KEBIJAKAN KRIMINAL PENANGGULANGAN
TINDAK PIDANA EKONOMI DI INDONESIA
Iza Fadri
Pascasarjana Fakultas Hukum
Universitas Nasional
Jl. Sawo Manila Pajetan Pasar Minggu
Jakarta
Nama : Suri Putri Pertami
Kelas : 2EB08
NPM : 26211948
Tindak
Pidana Ekonomi Merupakan Pelanggaran Hukum Pidana Ekonomi
Mengenai konsep hukum pidana ekonomi, beberapa
pakar hukum telah mengemukakan pendapat, diantaranya adalah Andi Hamzah yang
menyatakan: bahwa hukum pidana ekonomi adalah bagain dari hukum pidana, yang
mempunyai corak-corak tersendiri, yaitu corak ekonomi. Sehingga dapat dikatakan
bahwa setiap ketentuan hukum pidana yang mempunyai orientasi pengaturan di
bidang ekonomi dapat dikategorikan sebagai hukum pidana ekonomi. Bambang
Poernomo mengemukakan pengertian hukum pidana ekonomi sebagai berikut:
“Hukum pidana ekonomi adalah bagian dari hukum
pidana yang mengatur tentang pelanggaran dan atau kejahatan dalam bidang
ekonomi. Tujuan diadakannya hukum pidana ekonomi bukanlah hanya untuk
menerapkan norma hukum dan menjatuhkan sanksi hukum pidana sekedar sebagai
pencegahan atau pembalasan, akan tetapi mempunyai tujuan jauh untuk membangun perekonomian
dan megejar kemakmuran untuk seluruh rakyat”.

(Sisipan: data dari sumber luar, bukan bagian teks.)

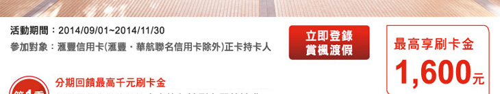 - 2. 回饋參加辦法: 正卡持卡人須於活動期間(2014.9.01~2014.11.30)內,至本行活動網頁(www.hsbc.com.tw/14fall)完成登錄;即可拿: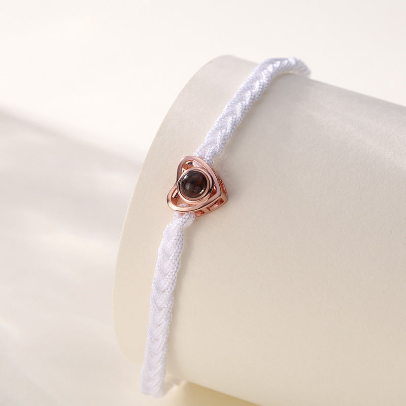 Personalized Heart Photo Projection Bracelet Colorful Braided Rope - P007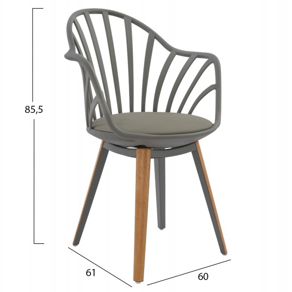 Ένα ορθογώνιο τραπέζι με σκελετό από ξύλο οξιάς σε ΦΥΣΙΚΟ χρώμα και επιφάνεια από MDF σε ΓΚΡΙ χρώμα, και 4 καρέκλες με πλάτη από πολυπροπυλένιο και κάθισμα από PU δέρμα (συνθετικό δέρμα) σε ΓΚΡΙ χρώμα και μεταλλικά πόδια με ξύλινη εξωτερική επένδυση σε φυσικό χρώμα ΞΥΛΟΥ.

Menurut H.A.K Moch Anwar, hukum pidana adalah
sekumpulan peraturan-peraturan dibidang ekonomi yang memuat ketentuan-ketentuan
tentang keharusan/kewajiban dan atau larangan terhadap pelanggaran mana diancam
dengan hukuman.
Dengan memperhatikan beberapa pengertian di
atas dapat disimpulkan bahwa hukum pidana ekonomi adalah seperangkat aturan
yang mengatur tentang kejahatan dan atau pelanggaran aturan yang di ditetapkan
oleh negara atau pemerintah dalam menata perekonomian ke arah terwujudnya
kehidupan yang berkesejahteraan dan berkeadilan. Hukum pidana ekonomi merupakan
ultimum remedium atau disebut juga sebagai senjata pamungkas, serta sering juga
dikemukakan oleh Muladi bahwa hukum pidana hanya bertindak sebagai “tentara
sewaan”/merchanary, dimana pengertian ini bisa juga diartikan bahwa hukum
pidana digunakan bukan hanya untuk kepentingan hukum itu sendiri tetapi adalah
untuk kepentingan tujuan yang lebih jelas yaitu untuk kepentingan ekonomi.
Negara secara hakiki dianggap bertanggungjawab dalam menciptakan kesejahteraan
bagi masyarakat yang berada didalamnnya sehingga peran negara mengarah pada
penciptaan perekonomian yang mendukung timbulnya kesejahteraan.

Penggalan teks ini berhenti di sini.